Une étude récente intitulée «Au-dessus de tout soupçon», porte sur les freins au changement. Elle révèle, très classiquement, des commentaires sur le consommateur, la stratégie… ainsi qu’une réflexion intéressante sur la nécessité de s’adapter. Une adaptation qui concerne tous les sujets y compris celui de notre langage.
Et si notre langage parfaitement maîtrisé mais conçu pour un monde bien ordonné, était obsolète par rapport aux situations de désordre et de plus en plus imprévisibles que nous vivons? Avec pour conséquence le dérèglement des plans les plus solides.
Dès lors, le questionnement de la sémantique que nous employons est crucial. Car, comme le souligne les propos de sémioticiens tels Alain Etchegoyen: «dans un monde imprévisible, il nous faut nous habituer à réemployer des mots bannis de notre langage. Il nous faut réinventer une sémantique qui soit dans la mobilité, l’adaptation, un changement permanent».
Les mots que nous avons inventés dans les années 30/40, pour fabriquer le monde dans lequel nous vivons, sont issus d’une volonté de penser que tous les problèmes pouvaient être résolus par le schéma organisationnel et le calcul. En d’autres termes par la logique… La domination du monde était possible. Ainsi les termes, prévision, déduction, planification, optimisation, modélisation, sont issus de cette illusion. Et, mélangés les uns aux autres, ils ont formé la base des théories rassurantes encore employées actuellement.

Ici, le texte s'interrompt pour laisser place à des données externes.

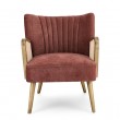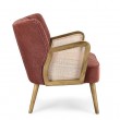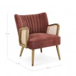 Fotelja Virna smeđe boje, dimenzija 64x71xh79cm. Okvir od borovog drva i šperploče, presvlaka od poliestera s baršunastim efektom. Noge od kaučkovog drva. Naslon za ruke s umetcima od ratana. Ispunjen poliuretanskom pjenom (gustoća 24 kg/m3).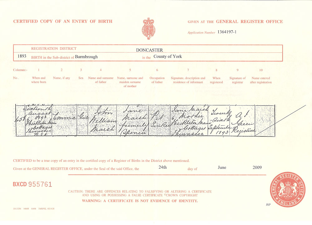 The birth certificate shows that Emma was born on 16th August 1893 to John William Marsh and Jane Marsh (formerly Spencer). John William Marsh was a Pit Sinker and the family was living at Hickleton Main Cottages, Thurnscoe.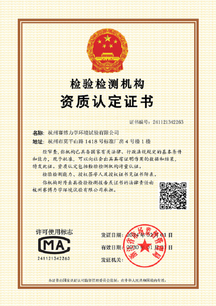 CMA(China Inspection Body and Laboratory Mandatory Approval),中国计量认证的简称,是根据中华人民共和国计量法的规定,由省级以上人民政府计量行政部门对检测机构的检测能力及可靠性进行的一种全面的认证及评价。只有取得计量认证合格证书的检测机构,才能够从事检测检验工作,并允许其在检验报告上使用CMA标记。有CMA标记的检验报告可用于产品质量评价、成果及司法鉴定,具有法律效力。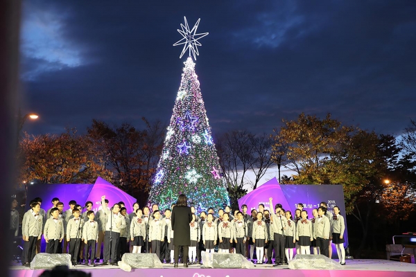 점등식은 행사 첫날 오후 5시 30분 복정동 분수광장에서 신상진 성남시장과 시민 400여명이 참여한 가운데 열린다.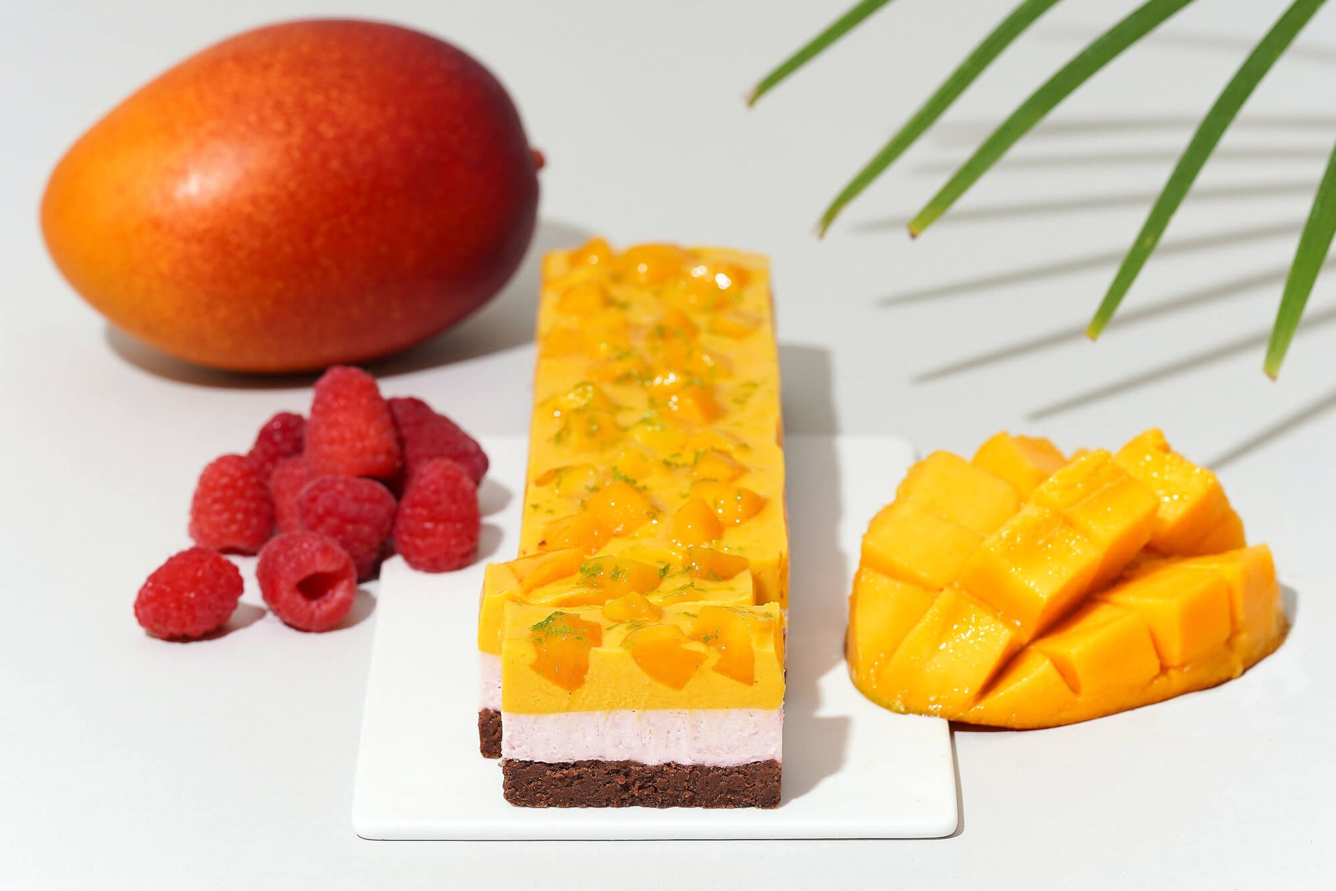 フランボワーズとチョコレートが、濃厚マンゴーを引き立てる3層仕立て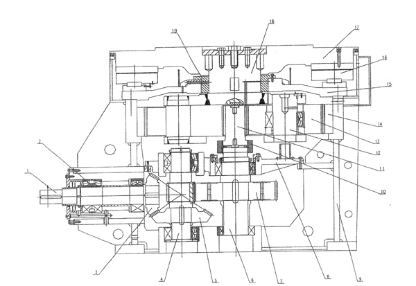 | 本實(shí)用新型涉及一種立式減速機(jī)。包括克林根堡錐齒輪副或格利森齒輪副和行星輪減速傳動(dòng)機(jī)構(gòu),輸入軸上設(shè)有主動(dòng)克林根堡錐齒輪或格利森齒輪,主動(dòng)克林根堡錐齒輪或格利森齒輪與被動(dòng)克林根堡錐齒輪或格利森齒輪嚙合,被動(dòng)克林根堡錐齒輪或格利森齒輪設(shè)在有小齒輪的齒輪軸上,齒輪軸上的小齒輪與固定設(shè)在被動(dòng)軸上的大齒輪嚙合,被動(dòng)軸通過(guò)聯(lián)接內(nèi)齒套與太陽(yáng)輪連接,行星輪通過(guò)行星輪軸均勻分布于行星架上,行星輪同時(shí)與太陽(yáng)輪和設(shè)在箱體上的內(nèi)齒圈嚙合,行星架的軸與輸出法蘭相連。其優(yōu)點(diǎn)在于:在減小克林根堡錐齒輪或格利森齒輪直徑的同時(shí),提高了減速機(jī)的速比和功率,降低了立式減速機(jī)的生產(chǎn)成本。 |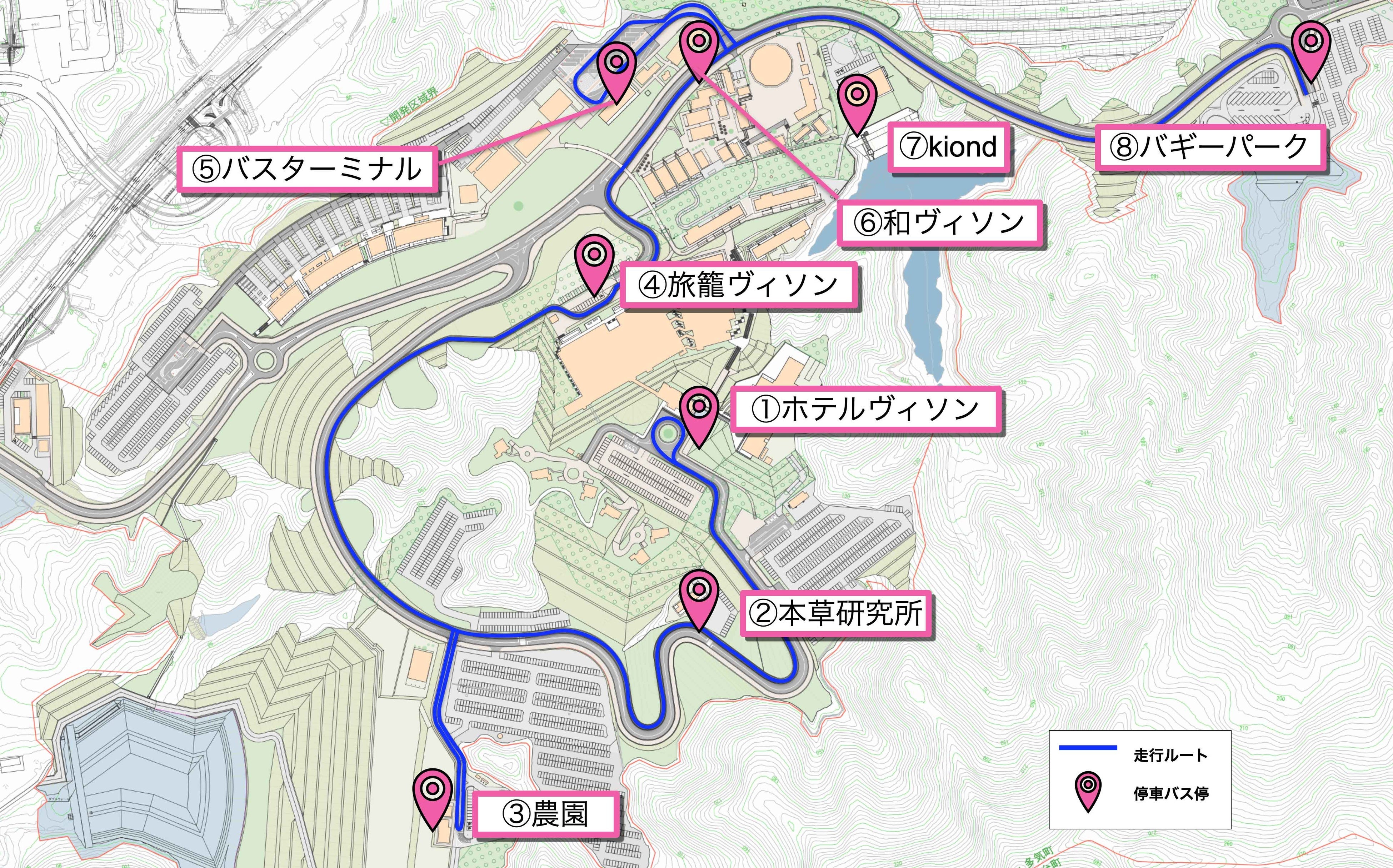 「VISON」では、自動運転モビリティの走行を見据えて、2021年の開業当初からモビリティレーンを整備しています。本事業では、モビリティレーンおよび一般の車道を含む片道約2.5kmのルートで、ナンバープレートを取得した「MiCa」を運行します。BOLDLYは、車両の提供および自動運転の走行設定、BOLDLYが開発・提供する運行管理システム「Dispatcher(ディスパッチャー)」の提供、 運行体制の構築などを行います。また、現在「VISON」のシャトルバスの運行に携わっているドライバーが、BOLDLYからのトレーニングを受けて必要な知識とスキルを身に付けた上で、オペレーターや遠隔監視などの「MiCa」の運行業務を実施します。これにより、「VISON」での自動運転レベル4での運行や多気町全体への展開を見据えた、汎用性の高い運行体制の構築を目指します。 ※自動運転レベル2で運行します

La sémantique «immobilisante» du monde de l’ordre, du monde «bien rangé».
C’est une obsession naturelle que de voir ou imaginer que tout est bien rangé. Or, l’ordre implique l’immobilisme des choses. Certes, la réflexion marketing et communication, apprécie que tout soit bien à sa place, car les raisonnements sont facilités. Si par exemple, on emploie l’expression «photo du marché», c’est simplement parce que ce terme fige le marché sur un «mapping» où les marques y sont bien rangées, permettant ainsi une meilleure analyse. Mais l’artifice est bien réel. Car, entre temps, la situation dans la réalité a déjà évolué et par conséquent, sa synthèse aussi.

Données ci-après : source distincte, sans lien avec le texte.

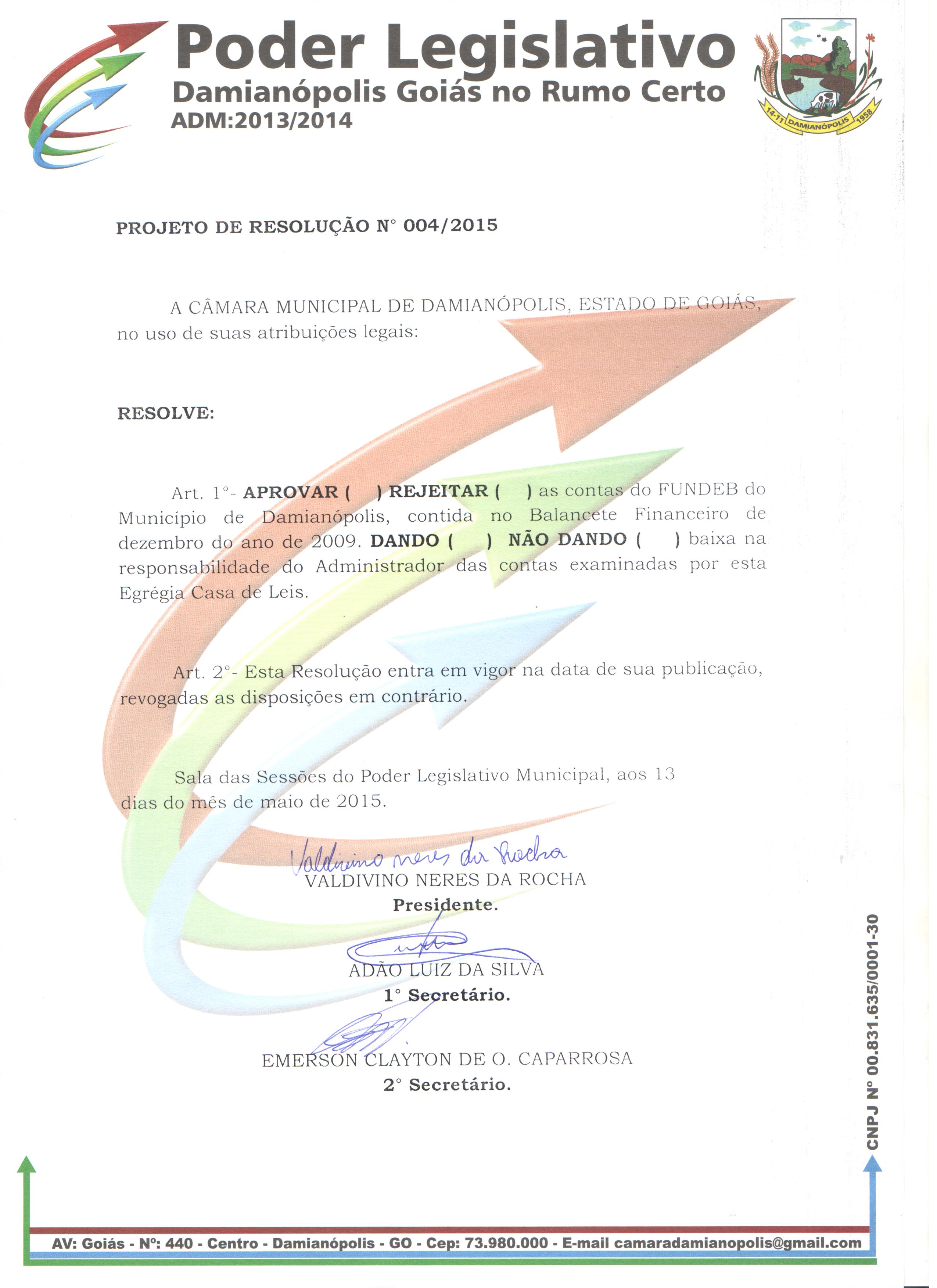 Na pauta da Ordem do dia da 1º sessão ordinária do mês de junho - 2º votação do Projeto de resolução nº 004/2015.

Preuve que les mots de la sémantique «immobilisante» auxquels nous avons recours, nous rendent aveugles par rapport à la réalité en mouvance perpétuelle. Mais, il est tellement plus facile de raisonner en pensant que le monde obéira à nos injonctions sémantiques «immobilisantes», qui permettent de tracer des routes sûres.

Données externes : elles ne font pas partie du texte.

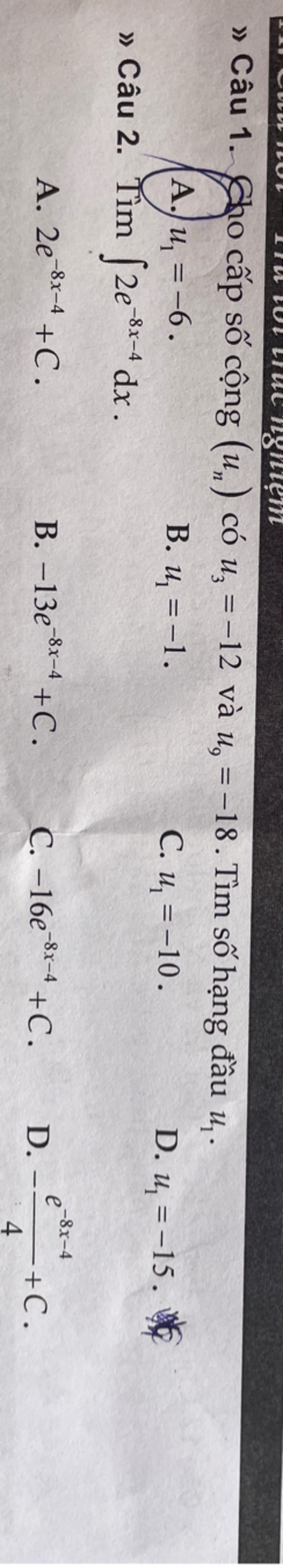 Câu 2: $\int$\( e^{ax + b} \)dx = $\frac{1}{a}$ \( e^{ax + b} \) + C $\\$ $\int$2\( e^{-8x - 4} \)dx = 2( $\frac{1}{-8}$ \( e^{-8x - 4} \) ) + C = -$\frac{1}{4}$ \( e^{-8x - 4} \) + c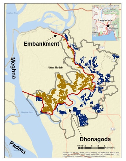 The Meghna–Dhonagoda Irrigation Project (MDIP) is one of the largest flood control, drainage and irrigation projects in Bangladesh, implemented in 1988 with the objective to protect the area in Matlab North from river flooding and drainage congestion during the monsoon via embankment and regulators. The primary aim was to improve agricultural conditions in monsoon, with special reference to encouraging introduction to high yielding variety (HYV) monsoon rice (Aman), and also to provide irrigation from surface water in the Rabi (dry) season and early monsoon seasons. Located 55 km south-east of the capital city Dhaka, the study area is 184.4 km with a population of 230,185 as of 30 June 2014 []. The Dhonagoda river bisects the area into Matlab North and Matlab South. The embankment protects the Matlab North area from flooding from Meghna river on the north and west and Dhonagoda River on the east and south (Figure 1).
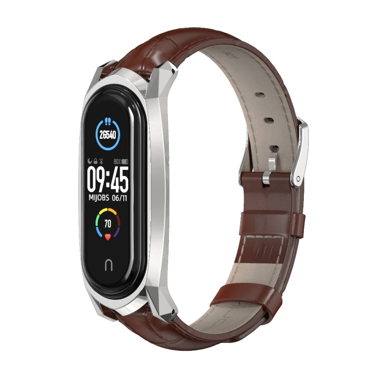 Para Xiaomi Mi Band 6/5/4/3 Mijobs GT First Capeta Cow Watch Band (Coffee de bambú de café+plata)

Positionnement, héritage, territoire, ADN, ancrage, capital de marque…et puis osons le dire, «stratégie à long terme»… sont les mots de l’immobilisme… et du monde de l’ordre. Résultat? Nous vivons une sémantique lourde, d’ancrage profond, au moment où les marques ont plus besoin de devenir des hors bord que des paquebots. La marque semble vivre dans un espace clos… pour la vie, et les conditions de marché sont suffisamment linéaires, pour garder le même cap à long terme. Or, il est urgent d’admettre une bonne fois pour toute que les marchés sont en désordre et mal rangés.
Le langage de la rue «déconditionné» des normes professionnelles, invente une sémantique adaptée au nouveau monde d’aujourd’hui: on clique, on surfe, on zappe, on glisse… Allo a été remplacé par «téou». Deux langages s’affrontent, celui de la rue, qui a compris le monde mobile et celui de l’entreprise qui est inhibé, immobile mais qui, à priori, rassure.
L‘entreprise doit, à son tour, comme les citoyens, reconstruire sa sémantique, en réintégrant les mots ignorés voire bannis au motif qu’ils ne font pas partie des conventions de langage.
Les choix ne manquent pas: flexibilité, réactivité, mobilité, adaptation, localisation de la pensée et des actions, réflexion rapide (alors qu’il faut «donner du temps au temps»), par hypothèses et expérimentations successives (cf le marketing de l’expérimentation et des hypothèses pratiqué par les entreprises du web), ruse et même habileté comme celle des grands chercheurs devant un problème inconnu. Cependant, entre habileté et intelligence, nous avons choisi la seule et unique intelligence, c’est plus valorisant! Osons parler d’intuition, d’opportunisme, de stratégies à court terme et reconnaître que désormais le succès du long terme repose sur une suite d’étapes à court terme réussies et sources de succès…
C’est une évidence, il faut changer, s’adapter, mais aussi apprendre à parler «fluently» le nouveau langage du marketing et de la communication. Alors oui à l’ère de l’imprévisible: celui du 21ème siècle.
Michel Hebert
No-Logic consulting
Auteur de «Le marketing et la communication face à l’imprévisible».